Say No to Child Labour


We proudly say that India has the largest young population in the world. But, India is the home to the largest number of child laborers in the world too. What about that?

Child Labour dropped 60% in a decade, but still it is world’s highest: Number of children working in India has declined 60% from 12.6 million in 2001 to 4.9 million in 2010.  These children are working as domestic help, on streets, in factories and farmlands silently suffering abuse.

In December 2014, the U.S. Department of Labor issued a List of Goods Produced by Child Labor or Forced Labor and India figured among 74 countries where significant incidence of critical working conditions has been observed. Unlike any other country, India was attributed 23 goods, the majority of which is produced by child labor in the manufacturing sector.

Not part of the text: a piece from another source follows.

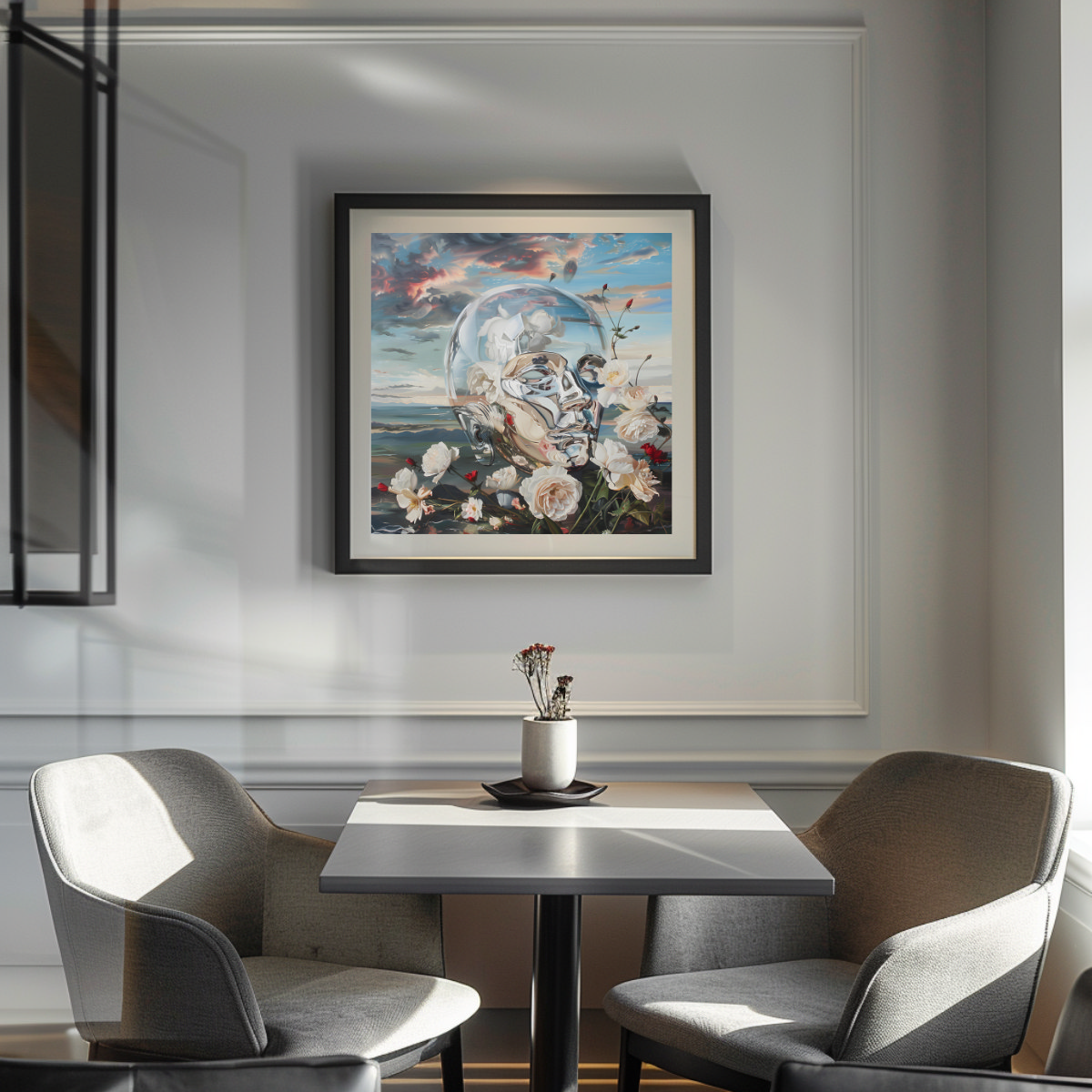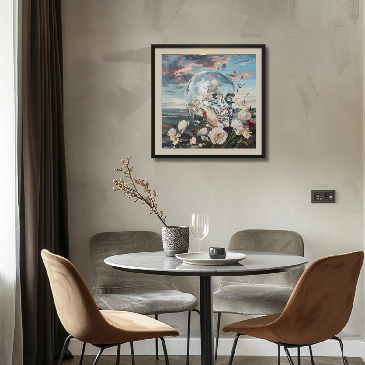 Frame of the painting: Black Lacquer, 14mm width, 13mm depth. However, you can choose another frame color: Dark Wood, White, Light Wood, Metallic.

A survey conducted by 7th All India Education Survey reveals below facts on Child Labor:

  • A study found that children were sent to work by compulsion and not by choice, mostly by parents, but with recruiter playing a crucial role in influencing decision.
  • When working outside the family, children put in an average of 21 hours of labour per week.
  • 19% of children employed work as domestic help.
  • 90% working children are in rural India.
  • 85% of working children are in the unorganized sectors.
  • About 80% of child labour is engaged in agricultural work.
  • Millions of children work to help their families because the adults do not have appropriate employment and income thus forfeiting schooling and opportunities to play and rest.
  • Children also work because there is demand for cheap labour.
  • Large numbers of children work because they do not have access to good quality schools.
  • Poor and bonded families often “sell” their children to contractors who promise profitable jobs in the cities and the children end up being employed in brothels, hotels and domestic work.
  • There are approximately 2 million child commercial sex workers between the age of 5 and 15 years and about 3.3 million between 15 and 18 years.
  • 500,000 children are forced into this trade every year.


So many government projects, so many NGOs trying their hard to eradicate it.....why we should not too as individuals.....???